Aim of the task
Each entry below should appear again exactly as written, without pictures.

Source material
************

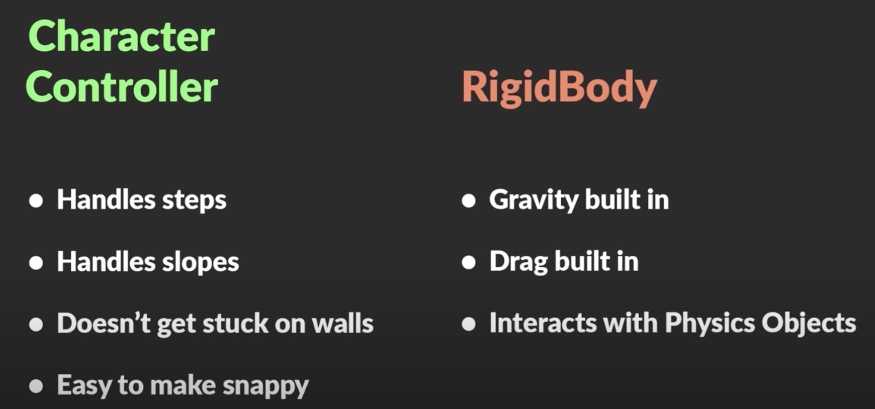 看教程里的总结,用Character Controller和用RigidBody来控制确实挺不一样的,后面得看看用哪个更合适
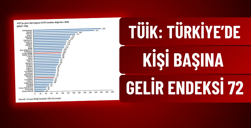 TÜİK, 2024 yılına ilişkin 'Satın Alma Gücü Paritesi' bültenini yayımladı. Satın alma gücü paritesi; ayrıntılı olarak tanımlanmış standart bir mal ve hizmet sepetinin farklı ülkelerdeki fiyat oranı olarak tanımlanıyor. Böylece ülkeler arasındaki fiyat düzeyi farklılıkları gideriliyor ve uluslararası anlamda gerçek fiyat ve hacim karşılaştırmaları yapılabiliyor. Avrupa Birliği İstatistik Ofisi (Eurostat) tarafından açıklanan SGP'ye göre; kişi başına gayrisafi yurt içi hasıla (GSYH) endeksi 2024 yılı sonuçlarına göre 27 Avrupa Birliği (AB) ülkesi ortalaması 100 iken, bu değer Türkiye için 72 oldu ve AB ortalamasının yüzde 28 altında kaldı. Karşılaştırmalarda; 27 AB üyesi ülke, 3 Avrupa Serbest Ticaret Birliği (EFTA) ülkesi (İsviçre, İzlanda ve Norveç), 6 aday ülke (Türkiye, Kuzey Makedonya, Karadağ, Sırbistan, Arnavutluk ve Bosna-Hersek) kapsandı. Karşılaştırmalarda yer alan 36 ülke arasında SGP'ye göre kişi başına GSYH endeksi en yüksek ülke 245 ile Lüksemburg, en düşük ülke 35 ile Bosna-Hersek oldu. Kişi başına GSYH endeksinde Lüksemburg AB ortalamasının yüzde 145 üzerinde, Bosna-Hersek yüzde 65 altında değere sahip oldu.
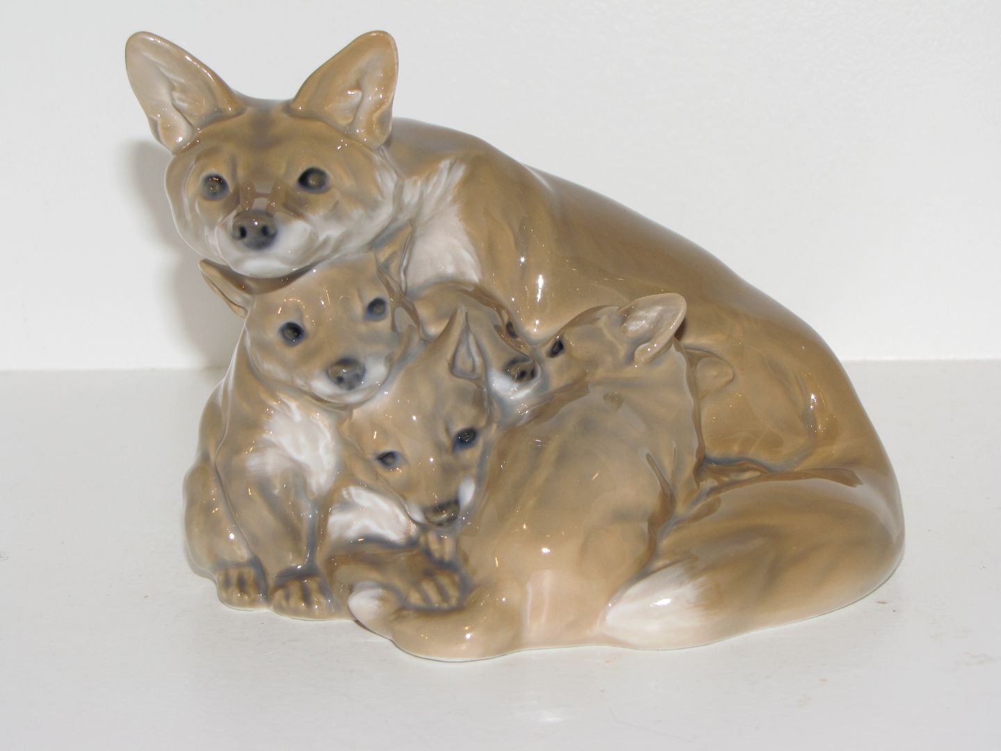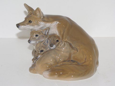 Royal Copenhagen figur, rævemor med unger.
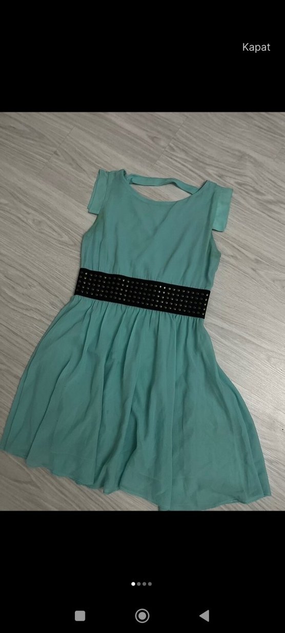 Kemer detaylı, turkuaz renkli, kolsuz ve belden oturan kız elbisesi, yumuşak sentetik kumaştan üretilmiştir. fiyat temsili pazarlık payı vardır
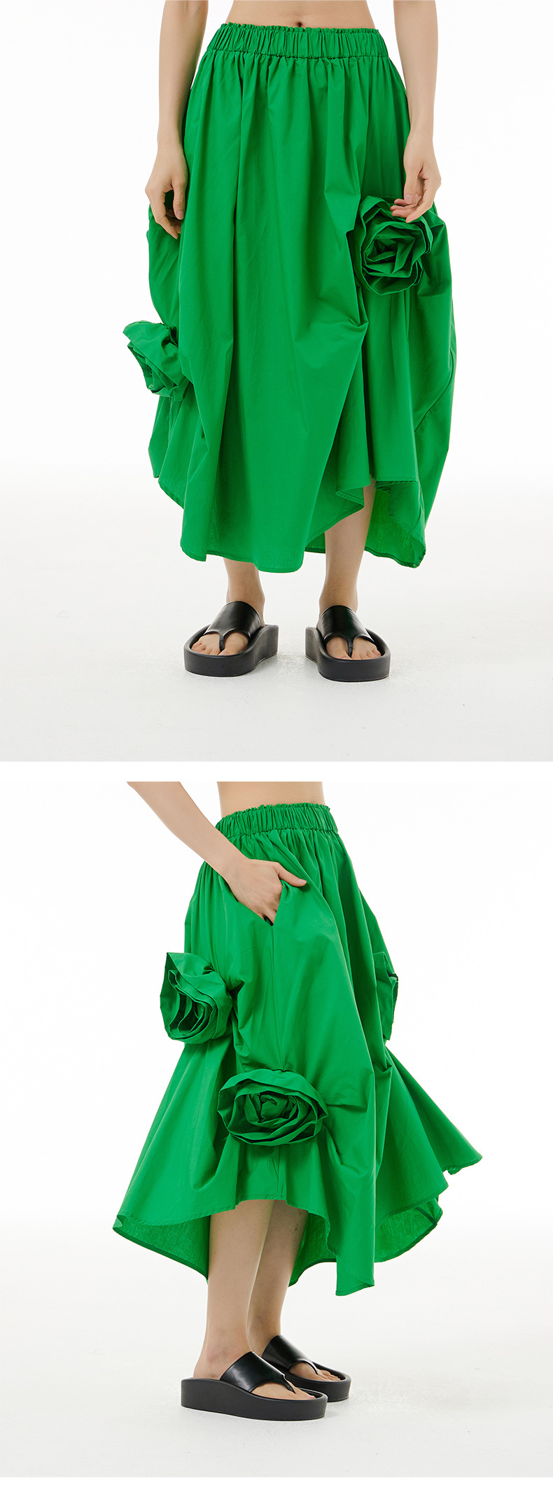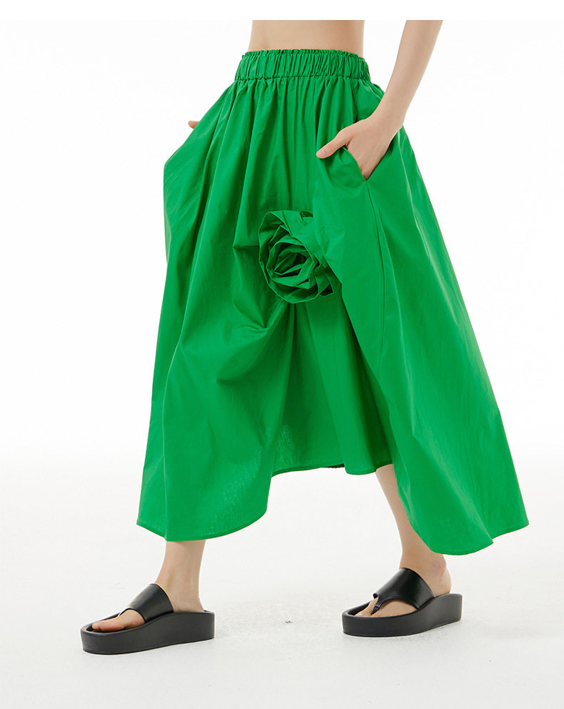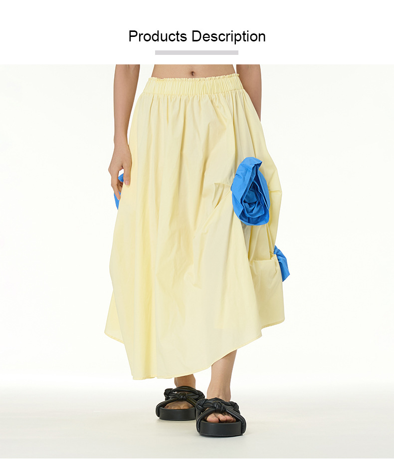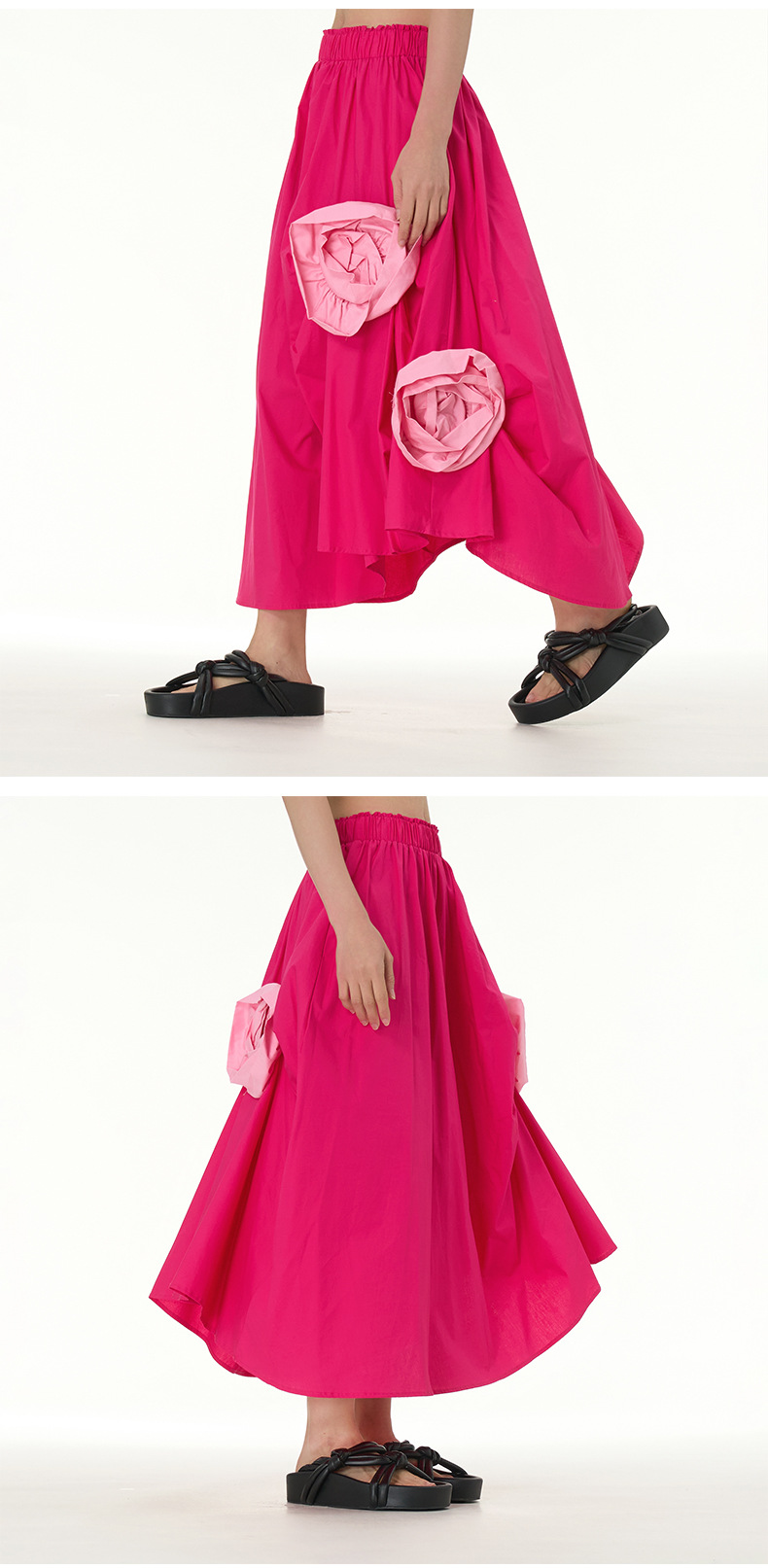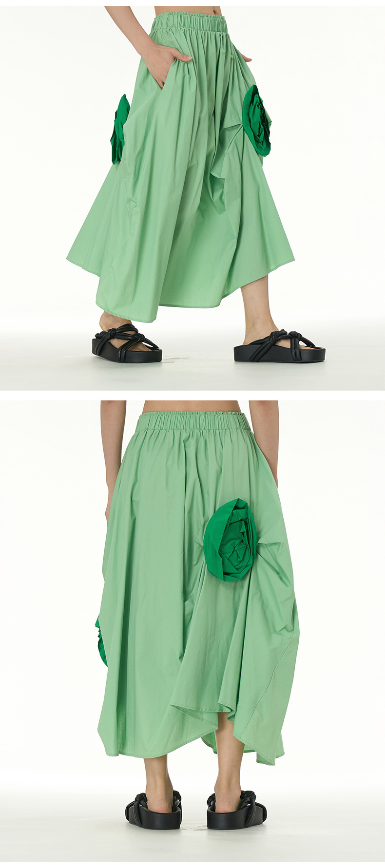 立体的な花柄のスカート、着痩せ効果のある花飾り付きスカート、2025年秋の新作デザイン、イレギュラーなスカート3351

************

Solution for this problem
 看教程里的总结,用Character Controller和用RigidBody来控制确实挺不一样的,后面得看看用哪个更合适
 TÜİK, 2024 yılına ilişkin 'Satın Alma Gücü Paritesi' bültenini yayımladı. Satın alma gücü paritesi; ayrıntılı olarak tanımlanmış standart bir mal ve hizmet sepetinin farklı ülkelerdeki fiyat oranı olarak tanımlanıyor. Böylece ülkeler arasındaki fiyat düzeyi farklılıkları gideriliyor ve uluslararası anlamda gerçek fiyat ve hacim karşılaştırmaları yapılabiliyor. Avrupa Birliği İstatistik Ofisi (Eurostat) tarafından açıklanan SGP'ye göre; kişi başına gayrisafi yurt içi hasıla (GSYH) endeksi 2024 yılı sonuçlarına göre 27 Avrupa Birliği (AB) ülkesi ortalaması 100 iken, bu değer Türkiye için 72 oldu ve AB ortalamasının yüzde 28 altında kaldı. Karşılaştırmalarda; 27 AB üyesi ülke, 3 Avrupa Serbest Ticaret Birliği (EFTA) ülkesi (İsviçre, İzlanda ve Norveç), 6 aday ülke (Türkiye, Kuzey Makedonya, Karadağ, Sırbistan, Arnavutluk ve Bosna-Hersek) kapsandı. Karşılaştırmalarda yer alan 36 ülke arasında SGP'ye göre kişi başına GSYH endeksi en yüksek ülke 245 ile Lüksemburg, en düşük ülke 35 ile Bosna-Hersek oldu. Kişi başına GSYH endeksinde Lüksemburg AB ortalamasının yüzde 145 üzerinde, Bosna-Hersek yüzde 65 altında değere sahip oldu.
 Royal Copenhagen figur, rævemor med unger.
 Kemer detaylı, turkuaz renkli, kolsuz ve belden oturan kız elbisesi, yumuşak sentetik kumaştan üretilmiştir. fiyat temsili pazarlık payı vardır
 立体的な花柄のスカート、着痩せ効果のある花飾り付きスカート、2025年秋の新作デザイン、イレギュラーなスカート3351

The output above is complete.